+++ Dataset content +++

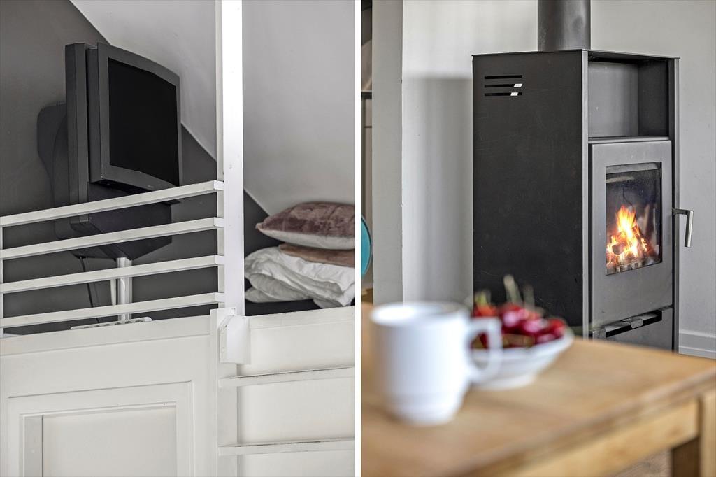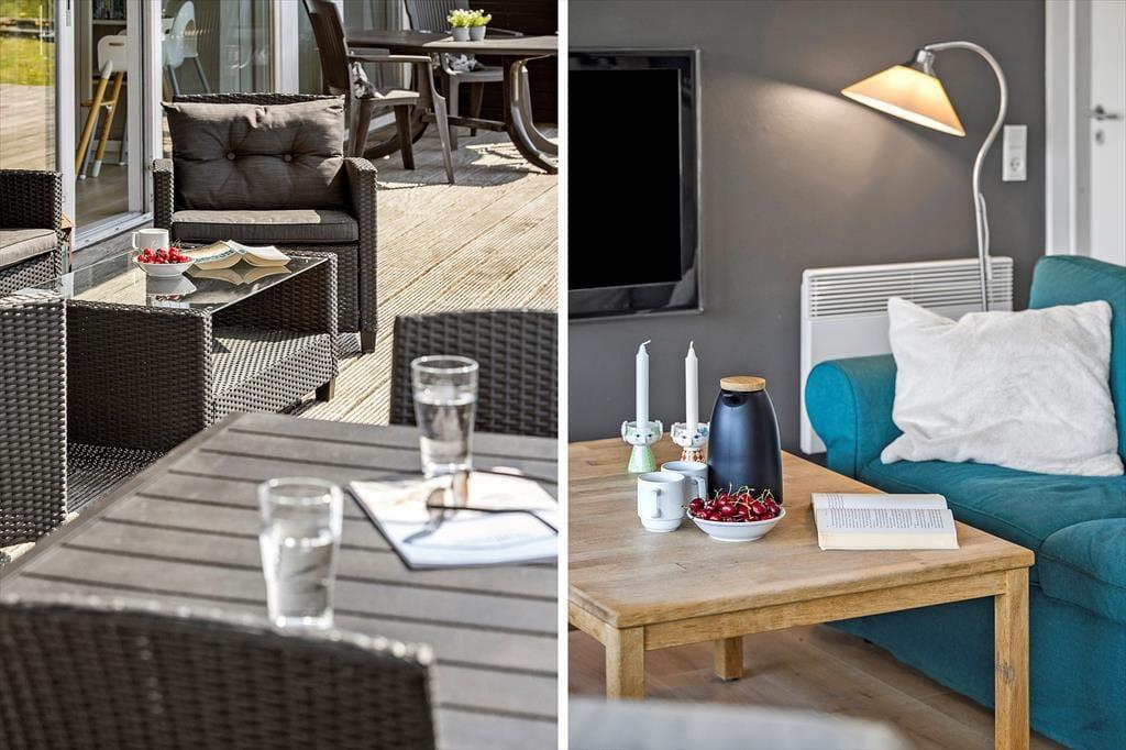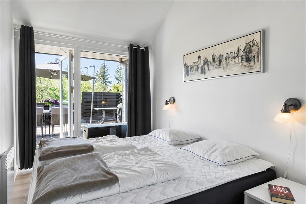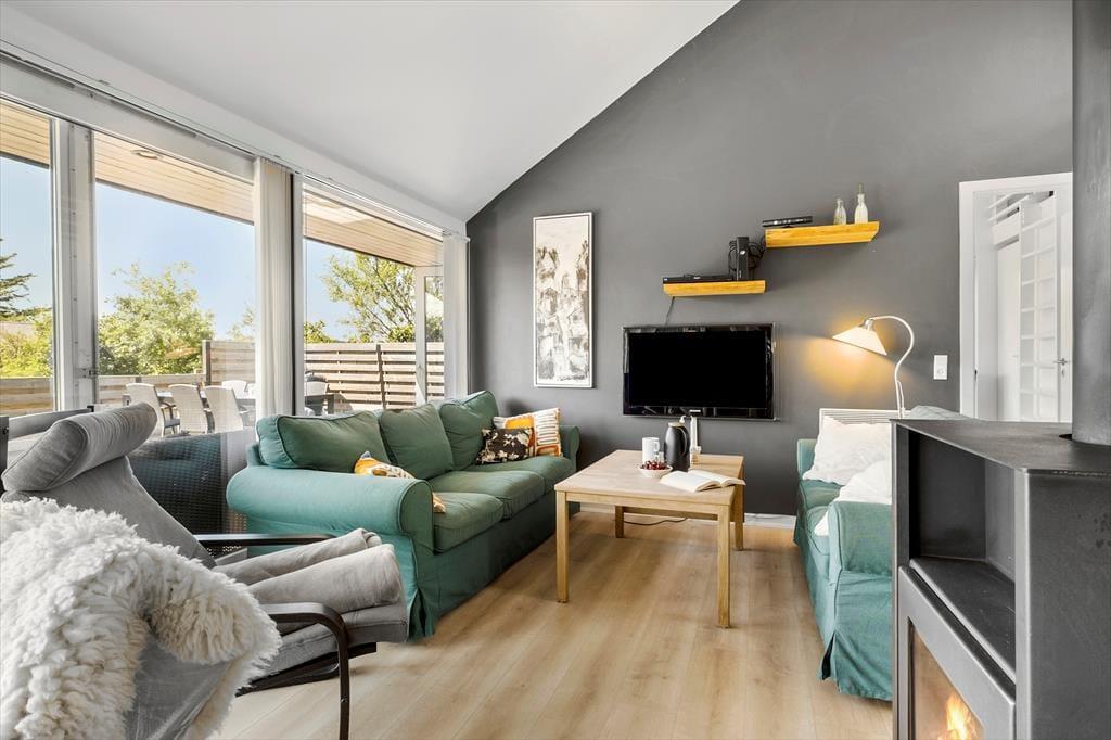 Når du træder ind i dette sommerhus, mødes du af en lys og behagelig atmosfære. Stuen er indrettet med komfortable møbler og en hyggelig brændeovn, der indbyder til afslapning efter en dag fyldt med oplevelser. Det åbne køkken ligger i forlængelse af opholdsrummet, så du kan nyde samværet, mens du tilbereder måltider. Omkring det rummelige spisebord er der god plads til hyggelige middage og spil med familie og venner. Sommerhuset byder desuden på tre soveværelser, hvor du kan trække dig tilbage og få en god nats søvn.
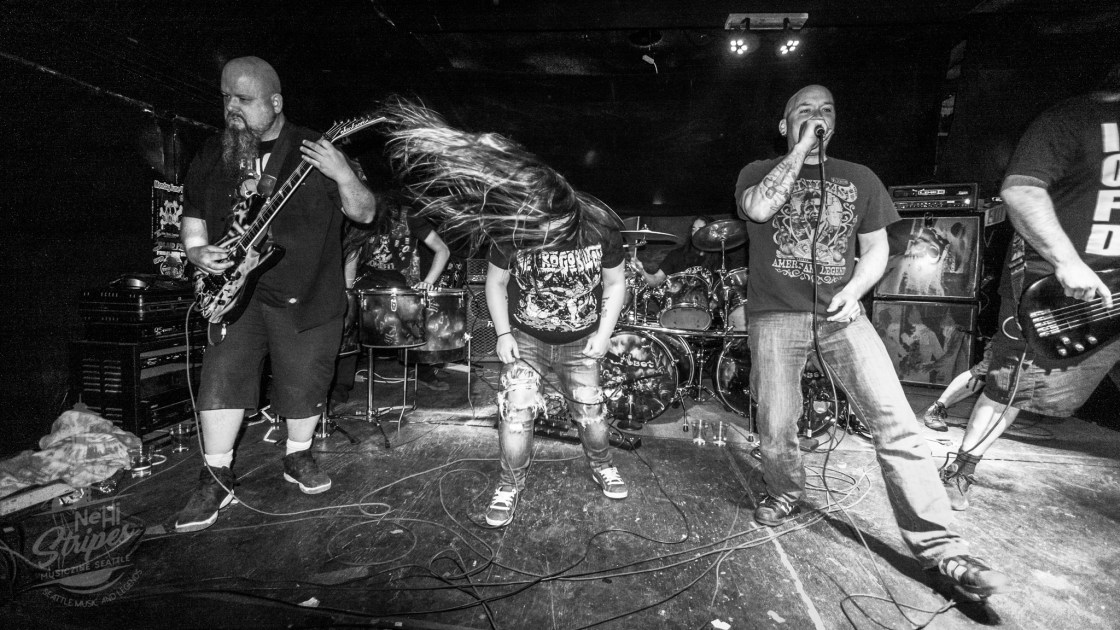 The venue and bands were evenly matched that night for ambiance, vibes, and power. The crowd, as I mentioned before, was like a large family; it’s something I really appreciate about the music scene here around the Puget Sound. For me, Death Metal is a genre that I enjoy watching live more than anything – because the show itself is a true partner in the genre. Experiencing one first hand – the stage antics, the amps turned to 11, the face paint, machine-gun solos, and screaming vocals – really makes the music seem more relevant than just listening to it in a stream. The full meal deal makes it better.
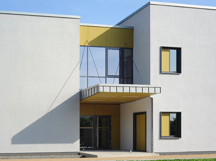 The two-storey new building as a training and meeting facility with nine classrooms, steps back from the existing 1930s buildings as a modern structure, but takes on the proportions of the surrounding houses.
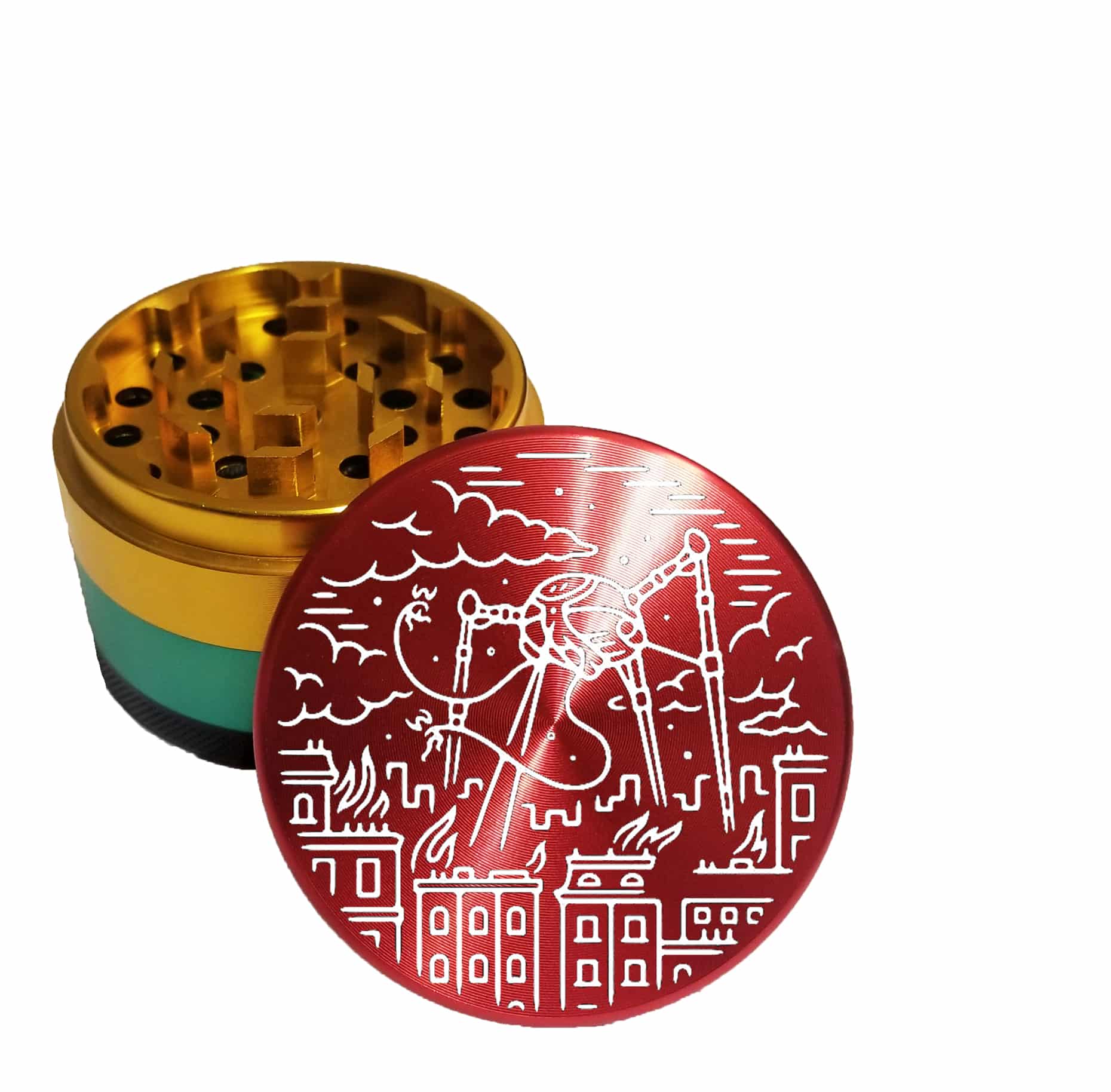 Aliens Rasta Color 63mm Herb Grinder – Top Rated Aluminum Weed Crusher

+++

- _Your task_: Would you restate word for word only the lines from the line with "The venue and" to the last line above, with the pictures left out?

- _Answer to this task_:
 The venue and bands were evenly matched that night for ambiance, vibes, and power. The crowd, as I mentioned before, was like a large family; it’s something I really appreciate about the music scene here around the Puget Sound. For me, Death Metal is a genre that I enjoy watching live more than anything – because the show itself is a true partner in the genre. Experiencing one first hand – the stage antics, the amps turned to 11, the face paint, machine-gun solos, and screaming vocals – really makes the music seem more relevant than just listening to it in a stream. The full meal deal makes it better.
 The two-storey new building as a training and meeting facility with nine classrooms, steps back from the existing 1930s buildings as a modern structure, but takes on the proportions of the surrounding houses.
 Aliens Rasta Color 63mm Herb Grinder – Top Rated Aluminum Weed Crusher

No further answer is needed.